Mapped the mate-pair data to the 454 data to see where the anamolies are.
trim9 is used for mapping.
trim9-good-length.hist has distribution of mate-pair reads.
Good reads are assumed to be between 1500-3500, as beyond that interval the probability of noise is high.
Clustered mate-paired reads as good reads, and not good reads.
Not good reads are again classified into 3 bins - between chromosome and plasmid, bad reads, and within plasmids.
Good reads which are interesting are within chromosome.
There might be deletions or inversions of reads.

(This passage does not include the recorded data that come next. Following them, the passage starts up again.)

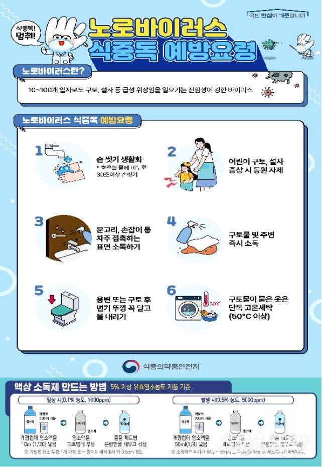또한, 위생점검 시 식중독 예방 자율점검표와 식중독 예방수칙 및 노로바이러스 예방법 등에 대한 홍보물을 배부해 식중독 사전 예방을 위한 지도·홍보도 병행할 계획이다.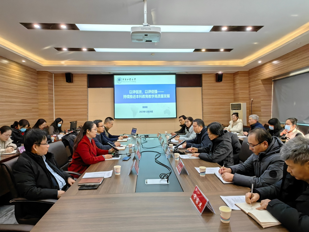 交流本科教育教学审核评估工作。学院班子成员和各系部主任、科室负责人参会。座谈会由捷克论坛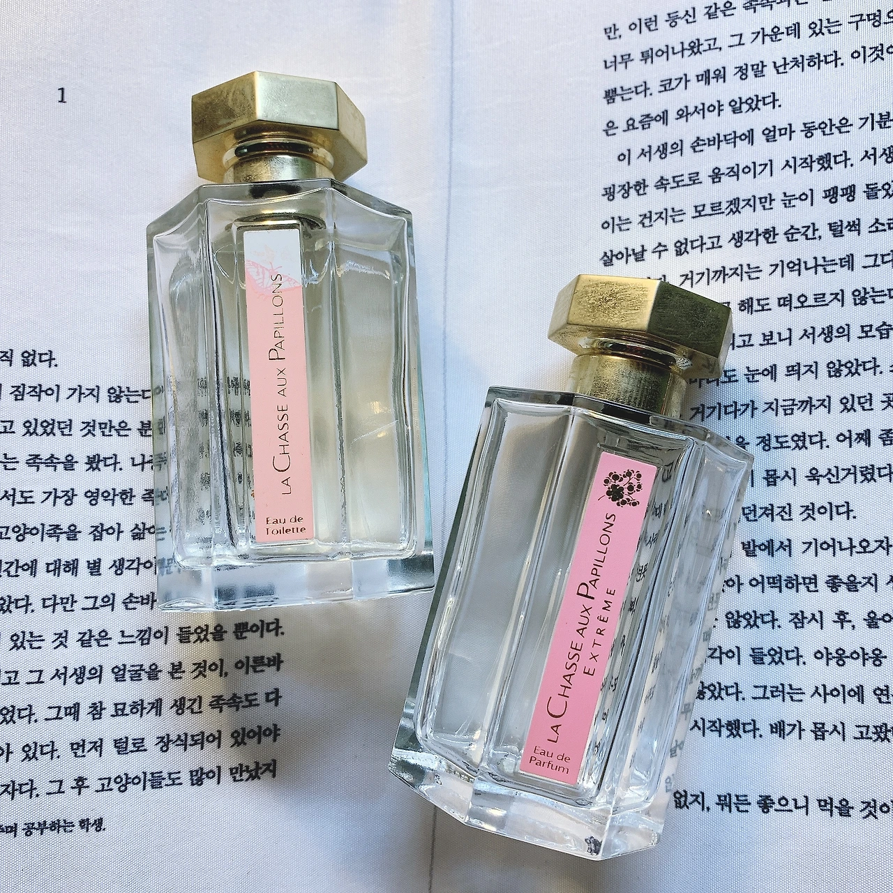 긴 고민 끝에 라 샤스 오 파피용 엑스트렘과 떼 뿌르 엉 에떼를 샀지만 그 다음해 다시 파리를 찾았을때 라 샤스 오 파피용 마저 구입했다. 엑스트렘과의 차이는 각각 오드뚜왈렛과 오드퍼퓸의 차이.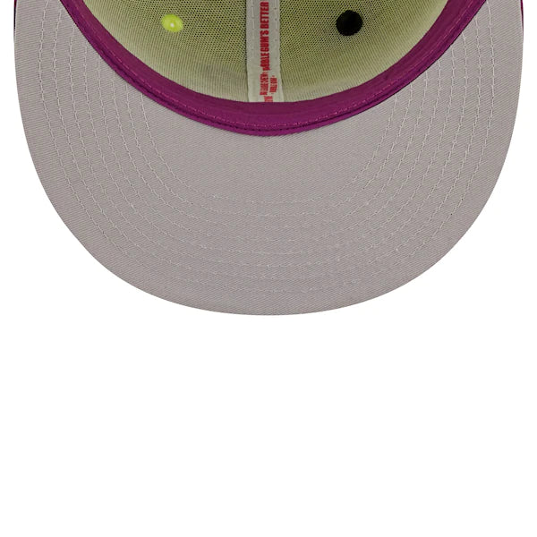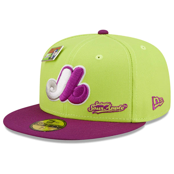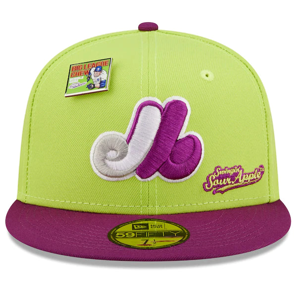The MLB and Big League Chew have teamed up to bring Montreal Expos fans this one of a kind, Swingin' Sour Apple Flavor Pack 59FIFTY Fitted Hat. Featuring a high crown and flat bill, this New Era hat will take your game day look to the next level. Its classic and fun graphics combine your Montreal Expos and your all-time favorite Big League Chew flavor, making it unlike anything else in your collection.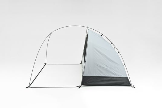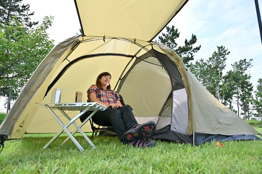 名前の通り、前室の広さが一番の特長です。前室にある3つのパネルを閉じてもぎりぎり2人が座れるぐらいのスペースがあり、ソロキャンプならイスとテーブル、シートバッグを置いても余裕の広さです。キャンプツーリングは車のキャンプと違い、雨が降ったら荷物を一時避難させたり車の中で過ごしたりできません。テントに前室がなければ、寝袋に入ってテントの中でぼんやり過ごすだけということも。雨の日でもと言うと大げさですが、どんな環境でも楽しくキャンプをしていただきたいですし、前室が広いことでキャンプの楽しみ方もグッと広がるそんなテントです。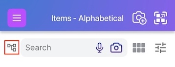 After accessing your items' list, click on the new Location icon exactly beside the items search bar:

If the same mate-paired reads R, F (where, R → F in forward strand, and F → R in reverse strand) occur in multiple places, where they are adjacent to each other at one location and there is a huge gap between them in the other location, then there is a probability that the ones which are adjacent to each other are part of the reads with huge gap between them and they were moved/copied from that place to some other place.
The deletions are listed in a file called 'del'.
There might be inversions of reads where, R goes in one direction and F goes in the opposite direction. These insertions might be due to mis-assembly or inversions in biological populations.
The inversions are listed in a file called 'inv'.
Histogram of trimp9-chrom-v16_center100 (in bins of 100), gives distribution of the mate-paired data.
Looking at the largest values is useful, as interesting things might be happening there.
Spikes are interesting to investigate. Zoom in to figure out the spikes and extract the reads that fell in that region.
Showed example of how there is a 1000 base pair insert in the middle that needs to be removed. Although the reads are bad with inserts, but they were classified as good reads since they were in < 3500 interval.
Gaps in the histogram represents the repeat regions.
How to find where the 1000 base insert is? Looking at the flanking regions of these repeats obtained from mapping.
Histogram of 720k region shows two peaks shown as two dots. Zoomed in to look at the regions where the peaks were. By examining the regions, gaps were seen which can have the 1000 base insert.
Rechecked this result by working at the unused data.
There were 3 more regions found to have this 1000 base insert.
Overall 7 peaks were observed, 2 being homologous ends, 4 having 1000 base insert, and 1 still needs to be figured out.